Actually there's a later film, a musical version (OMG), starring Peter Finch and Liv Ullman which is generally said to be cosmically awful.
The book was written in the winter of 1932 when Hilton already knew that things were already looking bleak for the world, even from the suburban outpost in Walthamstow, and he imagined a place where a small pocket of civilization could survive however terrible the approaching cataclysm.
It wasn’t hard to find James Hilton’s house – it has a blue plaque, and whoever lives in the house now isn’t shy about expressing their personality. And if you look closely you can see a skeleton hanging in the front window. and it could be a leftover from Halloween but since my visit was in February they’ve obviously grown fond of having it around. Their mailbox, if that's what is, is impressive too.
Woodford is about as suburban and respectable a place as you can imagine, and although I haven’t been able to find any comments Hilton made about the place, his description of Shangri-La seems extraordinary sounds very much like Middle England.
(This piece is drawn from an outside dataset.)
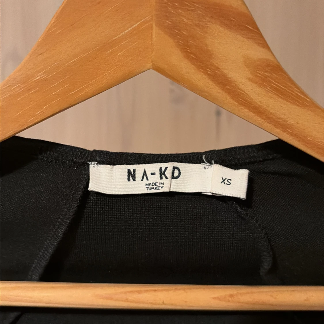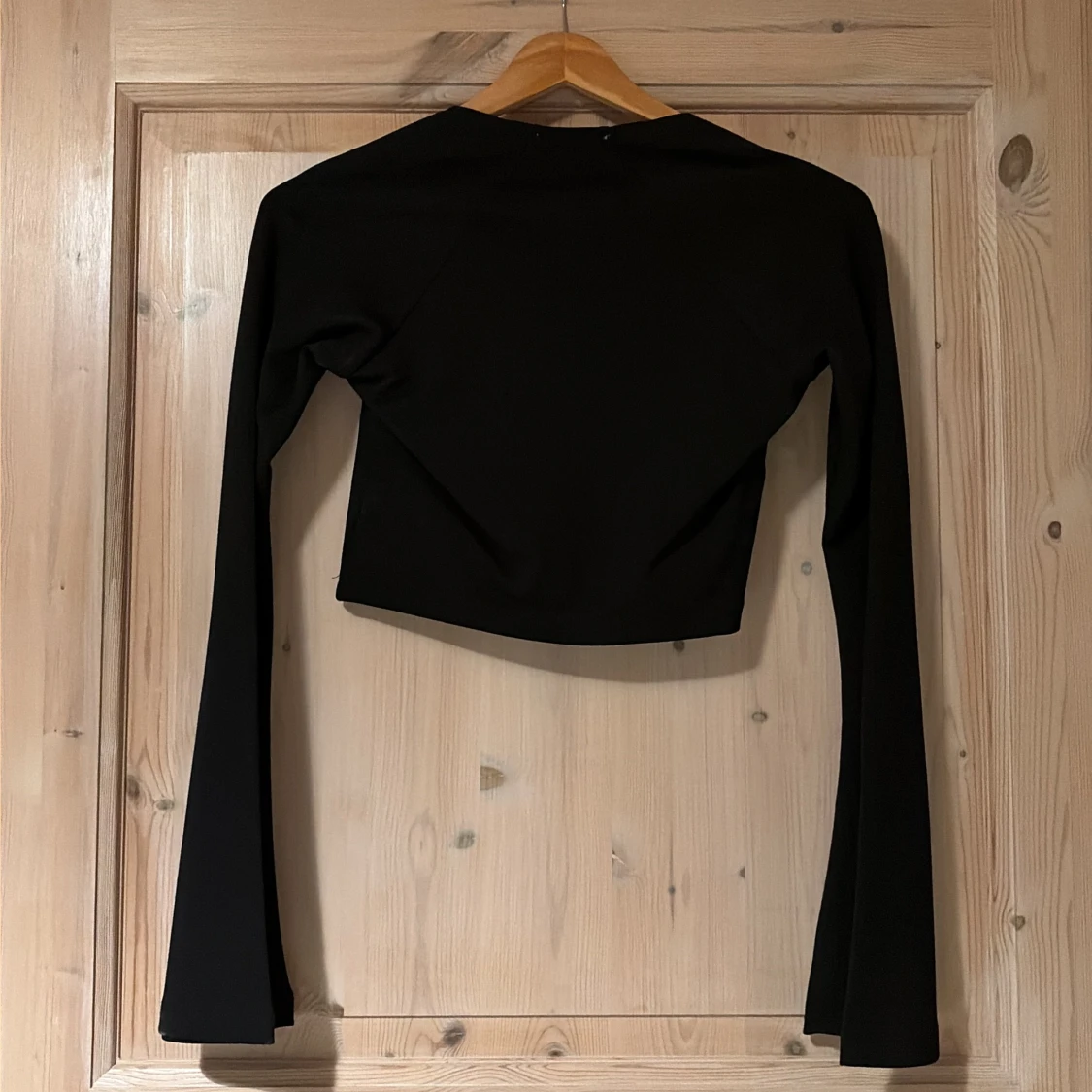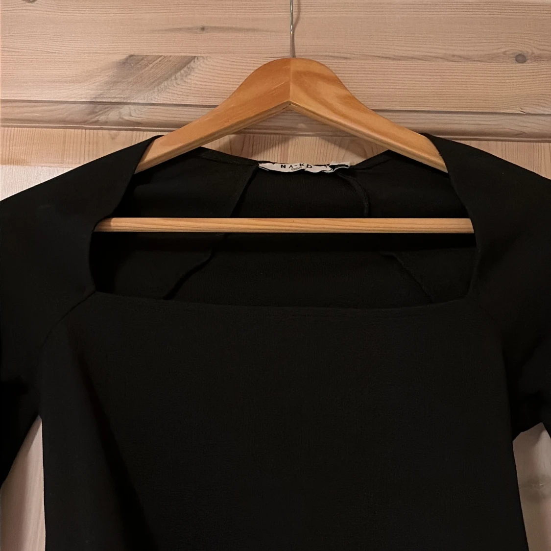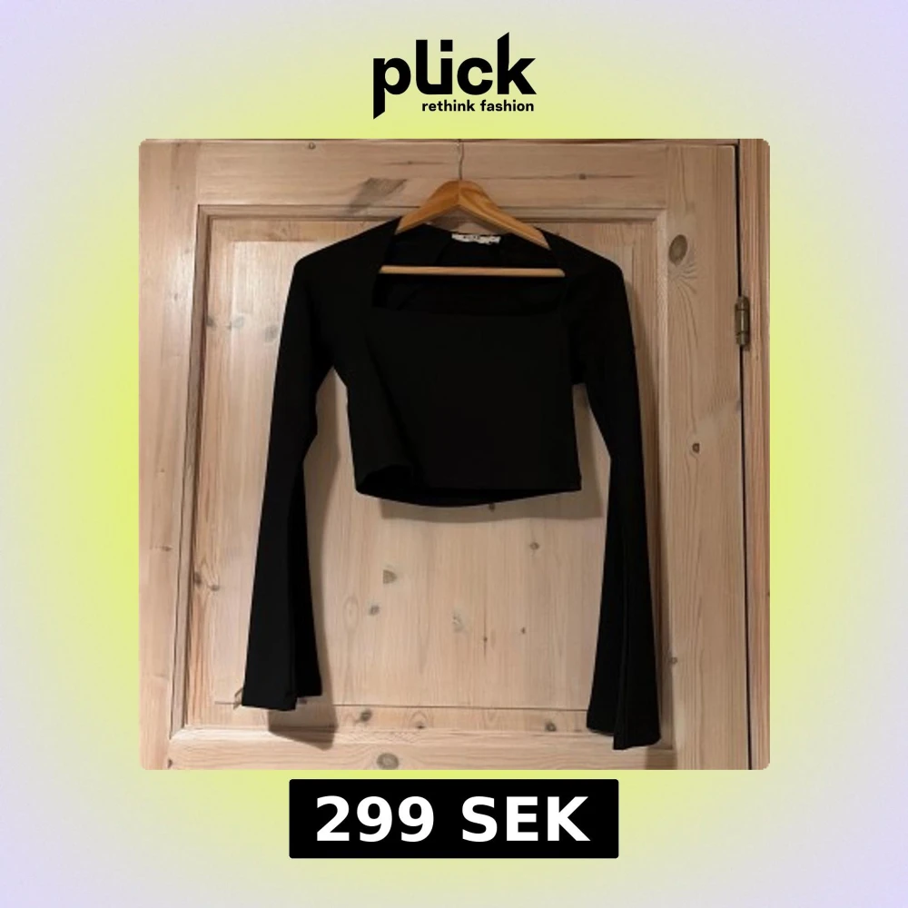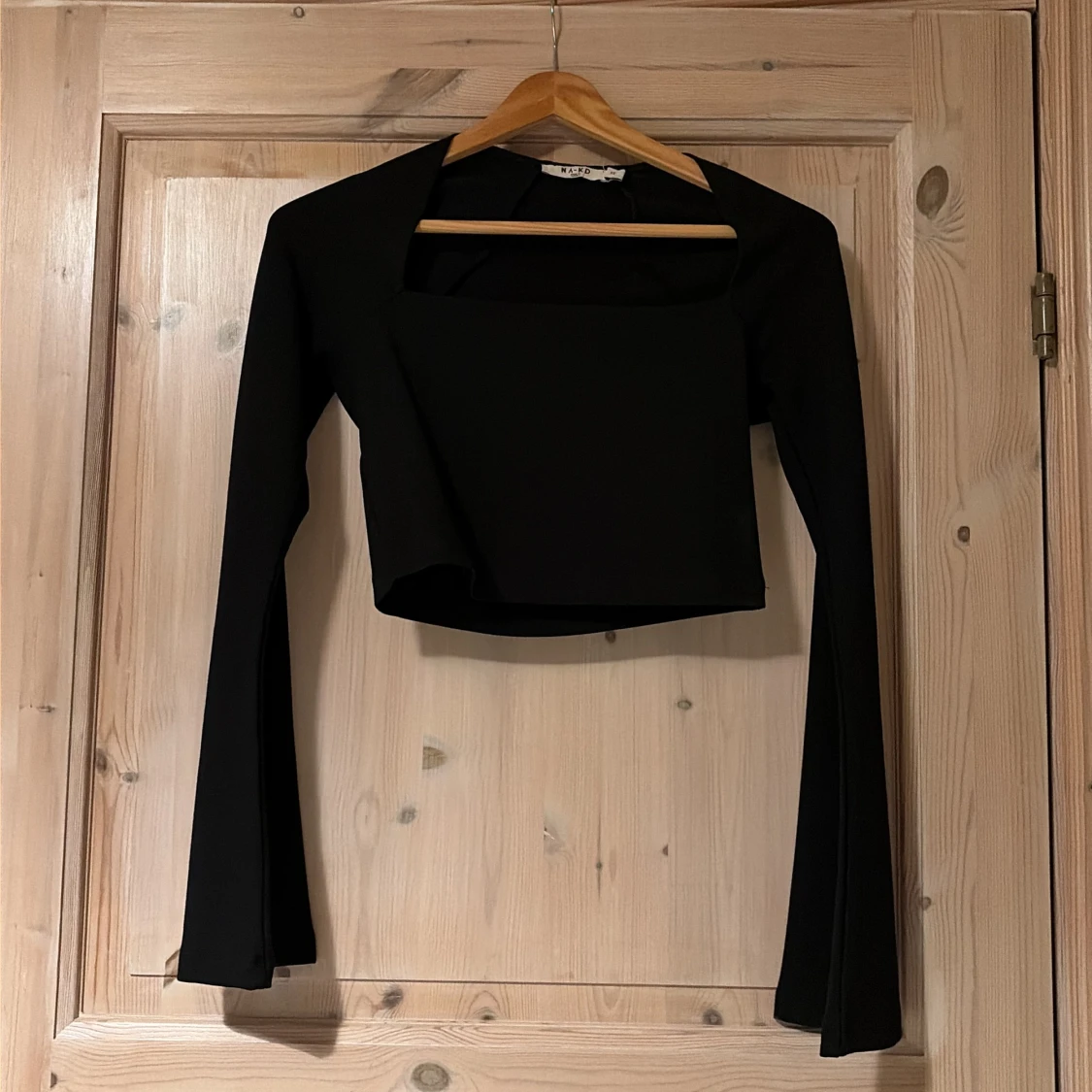 Säljer en svart croppad topp från NA-KD med lång ärm och fyrkantig halsringning. Toppen har en stilren och minimalistisk design med tight passform och är tillverkad i ett mjukt syntetmaterial.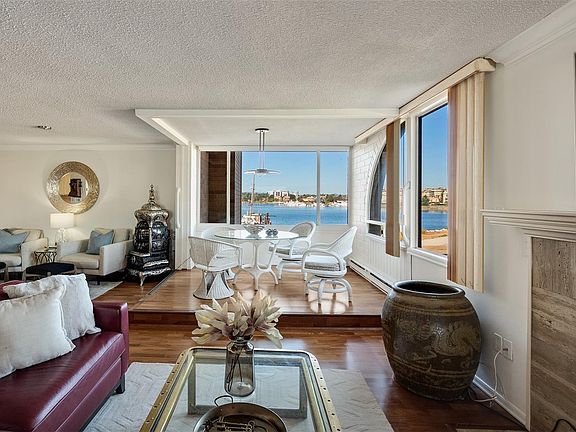 OPPORTUNITY PURCHASE – OCEANFRONT LIVING IN JAMES BAY! Oceanfront living for $441,000 below BC Assess in this offering at Pier One. Nearly 2,000 sqft of well laid out living space w 2-bed, 2-bath - feels like a bungalow! Enjoy breathtaking ocean views from great rm, dining & both beds. Generous kitchen features walk-in pantry, +freezer — entertain. Expansive living & dining w mirrored wall, cozy fp, wood flrs. Primary bed w extensive built-ins, multiple closets, luxury ensuite w dual sinks, soaker tub, separate shower. 2nd bed + den w ocean view. Notable:2 enclosed balconies (easily converted back - oceanfront spaces), wood, tile flooring throughout, large in-suite storage, plumbed for in-suite laundry. 2 secure parking stalls, lg storage locker, laundry on each floor. Well-managed, pet & rental friendly building w library & media rm, private 24-slip marina, EV charging, secure visitor parking — all just steps to the Harbour Walkway, Fisherman’s Wharf, and main transit routes. Book Now

Chang explains how things are in Shangri-La: “If I were to put it into a very few words, my dear sir, I should say that our prevalent belief is in moderation. We inculcate the virtue of avoiding excesses of all kinds -even including, if you will pardon the paradox, excess of virtue itself … And I think I can claim that our people are moderately sober, moderately chaste and moderately honest.” This sounds more Church of England vicar than Tibetan lama.
And Chang describes the lack of crime in Shangri-La, attributing it to the fact that only serious things were considered crimes and “partly because everyone enjoyed a sufficiency of everything he could reasonably desire.”
You think it’s starting to go off the rails a bit when Chang says, “You English inculcate the same feeling in your publics schools,” but then there’s a wonderful swerve, as he says, “but not I fear for the same things. The inhabitants of our valley, for instance feel that it is ‘not done’ to be inhospitable to strangers, to dispute acrimoniously, or to strive for priority amongst one another. The idea of enjoying what your English headmasters call the mimic warfare of the playing field would seem to them entirely barbarous, indeed, a sheer wanton simulation of all the lower instincts.” By which I suppose we can assume Hilton wasn’t good at sports.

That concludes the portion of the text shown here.